Voilà à quoi ressemblait notre ancêtre (et celui de tout le règne animal)

C’est par le biais d’un article publié dans les Actes de l’Académie nationale des sciences (PNAS) que l’Ikaria wariootia a été présenté. Découvert grâce à une équipe coordonnée par les géologues de l’Université de Californie à Riverside, cet animal est considéré comme étant l’ancêtre de tous les animaux, les humains compris.

Cet animal de très petite taille similaire à un ver serait en effet le tout premier bilatérien. À l’instar des mammifères, des vers, des mollusques et des insectes, l’Ikaria wariootia dispose en effet d’un côté droit, d’un côté gauche, d’un dos et d’un torse.

Crédits Sohail Wasif/UCR

Mesurant entre 2 et 7 millimètres de long et 1 et 2,5 millimètres de large, l’Ikaria wariootia avait un corps cylindrique, une musculature un peu rainurée ainsi qu’une tête et une queue bien distinctes.

Des terriers fossilisés comme seuls indices de l’existence de cet animal archaïque

Des bilatéraux étaient à l’origine des terriers fossilisés datant de la période Édiacarienne (il y a 555 millions d’années) découverts à Nilpena, en Australie méridionale. Les scientifiques l’ont d’ailleurs affirmé depuis 15 ans, même si aucune preuve de l’existence des créatures en question n’a pu être prouvée au cours de cette période.

Mais la découverte du doctorant de l’Université de Californie à Riverside, Scott Evans, et du professeur de géologie, Mary Droser, a enfin confirmé l’existence du bilatéral à l’origine de ces terriers fossilisés.

Selon Evans, la certitude que cet animal ait existé durant la période Édiacarienne est très élevée. Mary Droser a également déclaré que « ce fossile est le plus vieux qu’ils n’ont jamais découvert et que cet animal est probablement le premier bilatéral, l’ancêtre de tous les animaux actuels ».

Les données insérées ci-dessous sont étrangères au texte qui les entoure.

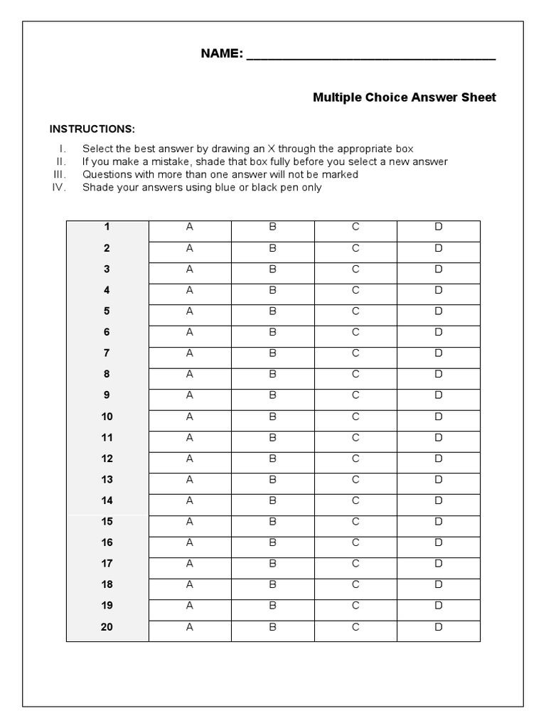 Multiple Choice Answer Sheet Pdf
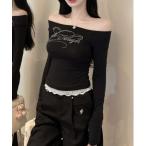 tシャツ WEGO/ラインストーンオフショル裾レースタイトロンT/トップス レディース
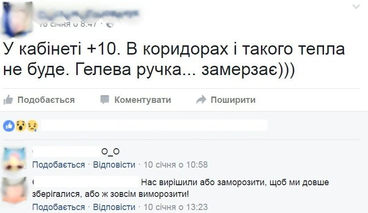 Наприкінці минулого тижня, з приходом морозів, температурний режим в будівлі впав, подекуди батареї взагалі не гріють.
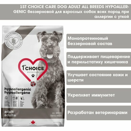 Корм сухой гипоаллергенный для собак 1ST Choice Hypoallergenic с уткой 2кг: сравнение цен, характеристики, фото, актуальное наличие и цены.
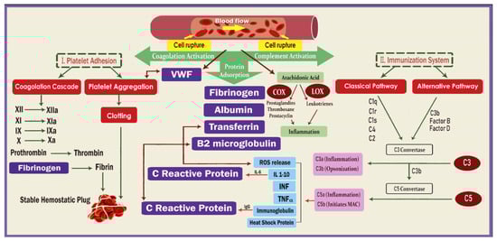 Additionally, complement pathway components, specifically C3a and C5a, can be triggered by antigen–antibody complexes or bound C-reactive protein (CRP) and bind to the membrane as presented in Figure 1 [42,43,44]. This reaction is caused by proinflammatory cytokines, such as Interleukin-1β (IL-1β), Tumor necrosis factor-α (TNF-α), and Interleukin-6 (IL-6), and involves the interaction between different receptors and ligands on the leukocytes. Activated leukocytes can also release reactive oxygen species (ROS), which are overproduced in HD patients. This is catalyzed by 5-Lipoxygenase (5-LO), which leads to ROS formation and the release of lipoxins and leukotrienes. Activation of the 5-lipoxygenase pathways has been observed in uremia and HD. Heat shock proteins (Hsp70) can also play a role in inflammation [45]. Hsp70 can act as molecular chaperones and cytokines and intervene in antigen processing and presentation. Recent studies have shown that Hsp70 has high binding capabilities in relation to artificial surfaces, such as the dialysis membrane. Figure 1 illustrates the primary reactions that occur in blood due to biomaterial surfaces, with a focus on protein adsorption, cell rupture, complement system activation, and coagulation pathways. The fibrin network that forms as a result of coagulation pathway activation is also depicted. Additionally, the figure highlights the appearance of complement proteins on the biomaterial interface, indicating both the classical and alternative complement pathways. The eicosanoid biosynthesis pathways from arachidonic acid are also shown, with the involvement of various coagulation factors, interleukins, interferons, immunoglobulin G, lipoxygenase, and cyclooxygenase.
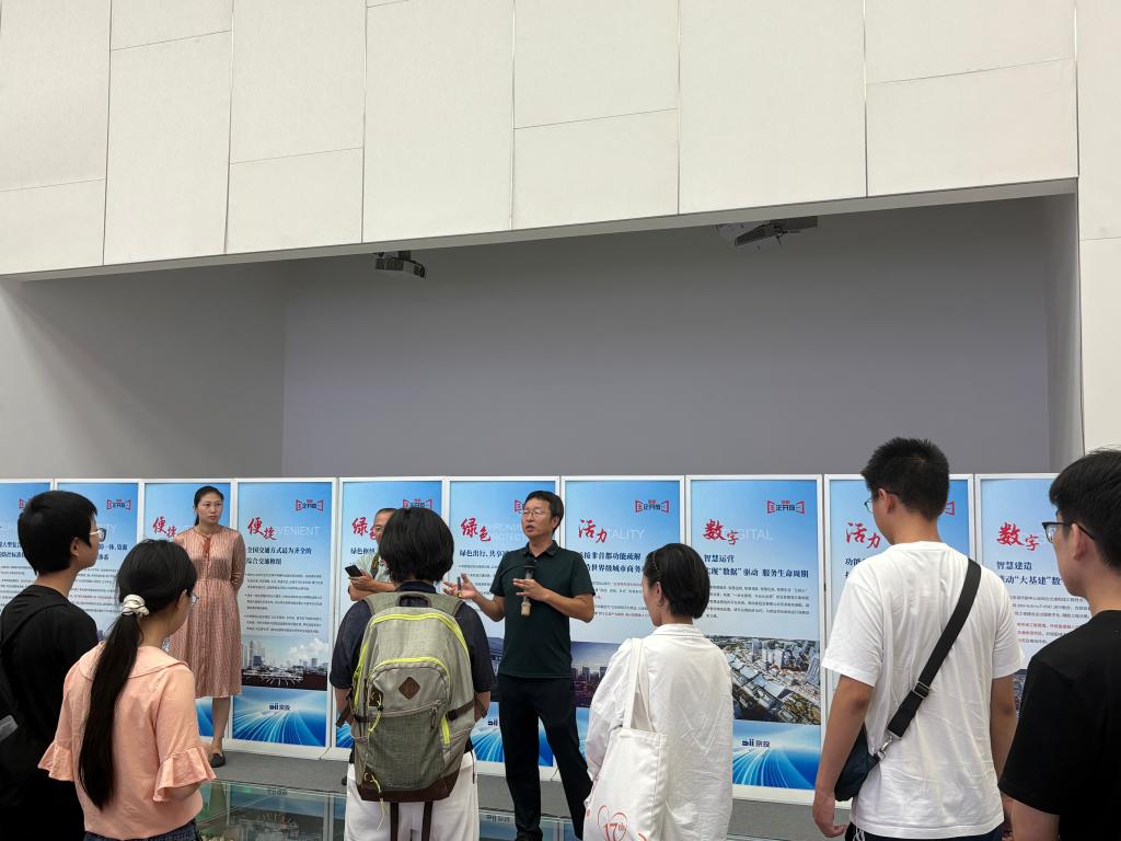 全体师生在讲解员带领下,通过观看视频短片、聆听沙盘、展板及模型讲解,详细了解了其发展脉络、“一带一轴两环一心”的总体规划格局、各功能区的分布定位和当前建设情况。北京城市副中心作为疏解非首都功能的战略支点、京津冀协同发展的动力引擎,正以“国际一流的和谐宜居之都示范区”等为目标,在新型城镇化、绿色生态与智慧城市融合等方面探索实践,展现出巨大的发展潜力,是中国式现代化进程中的城市发展样板。师生们对这座“未来之城”充满了向往。
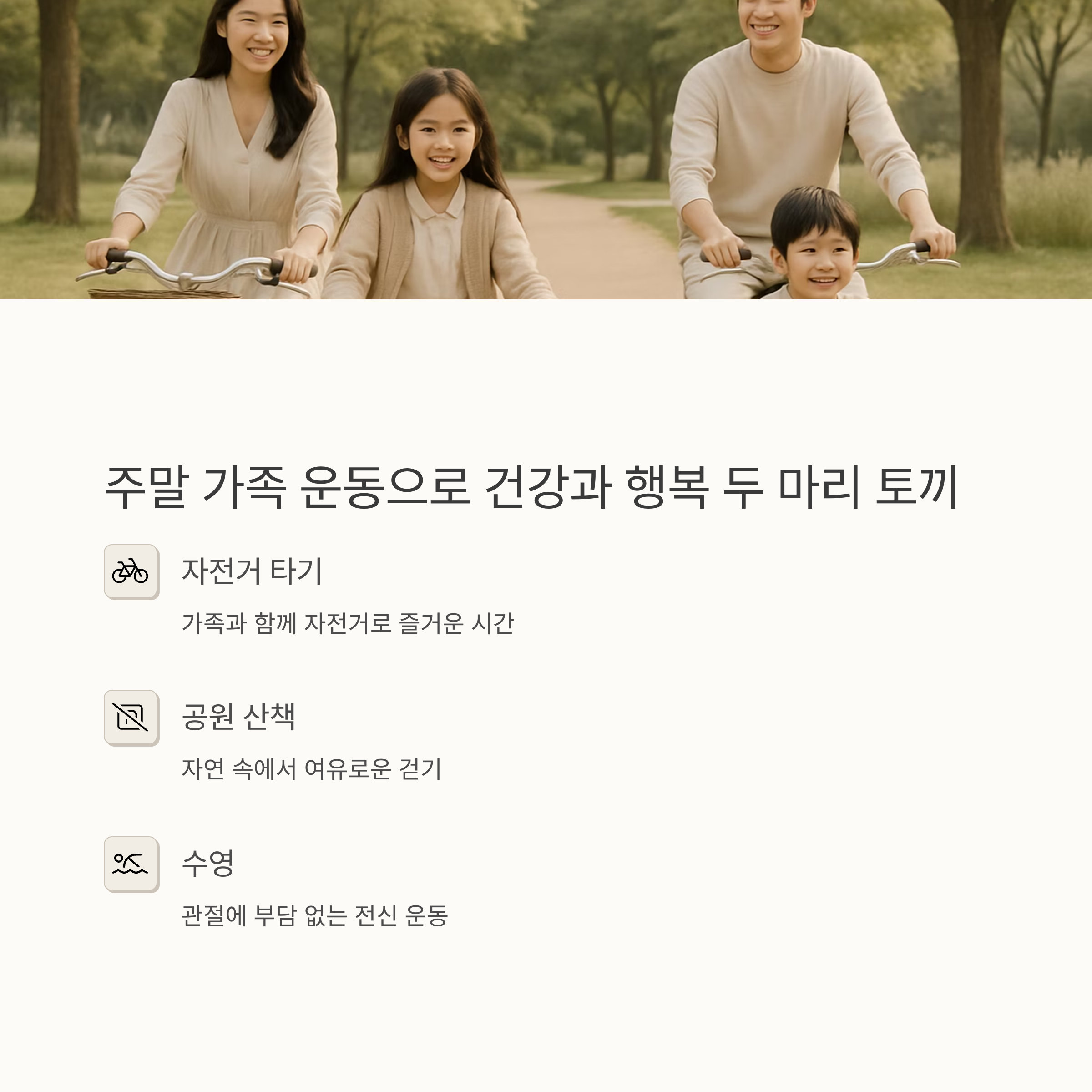 또, 주말에는 가족들과 함께 자전거를 타거나 공원에서 산책을 하면서 여유로운 시간을 보내려고 노력하고 있어요. 운동을 꾸준히 하면서 몸의 균형을 유지하고, 스트레스도 해소할 수 있을 것 같아요. 여러분은 어떤 운동을 하시나요? 저와 함께 운동 정보를 공유하면 좋을 것 같아요.
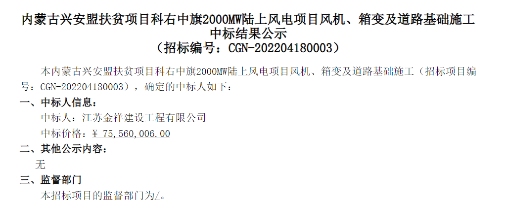 內(nèi)蒙古興安盟扶貧項(xiàng)目科右中旗2000MW陸上風(fēng)電項(xiàng)目風(fēng)機(jī)、箱變及道路基礎(chǔ)施工中標(biāo)結(jié)果公示:
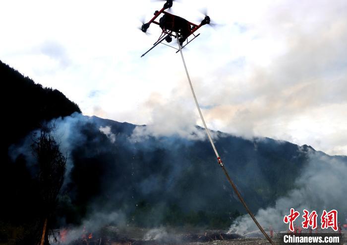 圖為滅火無人機實施滅火。費賢浩 攝
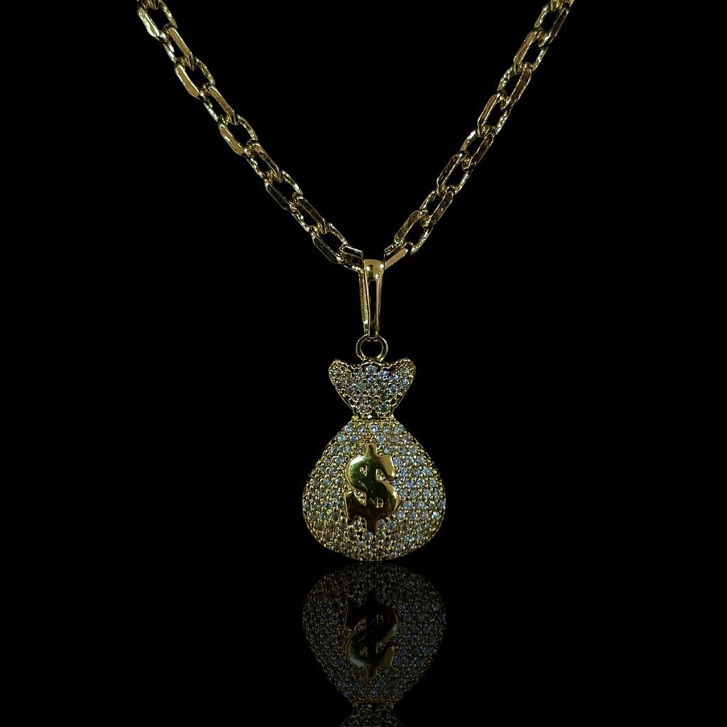 PINGENTE MALOTE – CRAVEJADO ZIRCONIA – BANHADO A OURO 18K
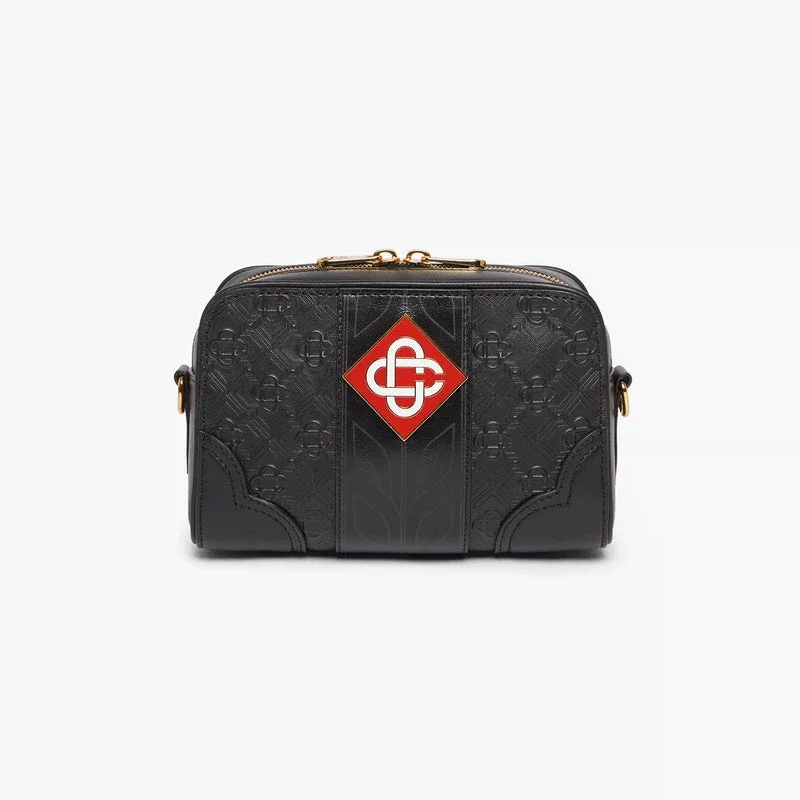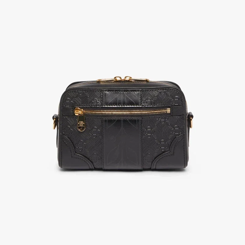 Die schwarze Monogram-Umhängetasche ist aus italienischem Kalbsleder gefertigt und mit dem Monogramm-Muster des Hauses sowie dem charakteristischen Diamant-Logo an der Seite versehen. Abgerundet wird sie durch das charakteristische Lorbeerblatt-Motiv des Hauses, einen Schulterriemen, einen Reißverschluss, eine Außentasche mit Reißverschluss, eine Innentasche sowie Beschläge aus Messing. Im Lieferumfang enthalten sind eine Geschenkbox mit Casablanca-Logo, ein Staubbeutel und eine Produktbeschreibung.

La théorie des biologistes évolutionnistes concorde avec les recherches

Lors des études qui ont porté sur les terriers fossilisés, les chercheurs ont également découvert des crêtes en forme de « V », indiquant que ce dernier se déplaçait en contractant ses muscles, à l’instar d’un ver. Selon Droser, tout cela a été prédit par les biologistes évolutionniste, ce qui est particulièrement enthousiasmant.

Nous savons que la faune de l’Édiacarien comprenait les organismes multicellulaires complexes les plus anciens (dont les tapis d’algues) et que la grande majorité de ce groupe n’a pas de lien direct avec les animaux actuels. Ce qui n’est pas le cas pour l’Ikaria wariootia.

En dépit de sa forme vraiment banale, Ikaria wariootia est particulièrement complexe si on le compare aux autres fossiles de son ère.

Le fait qu’il eut la capacité de s’enterrer afin de se nourrir de matière organique démontre qu’il possédait des aptitudes sensorielles élémentaires. Cela indique également qu’à l’instar des animaux actuels, il avait aussi une bouche, des intestins et un anus.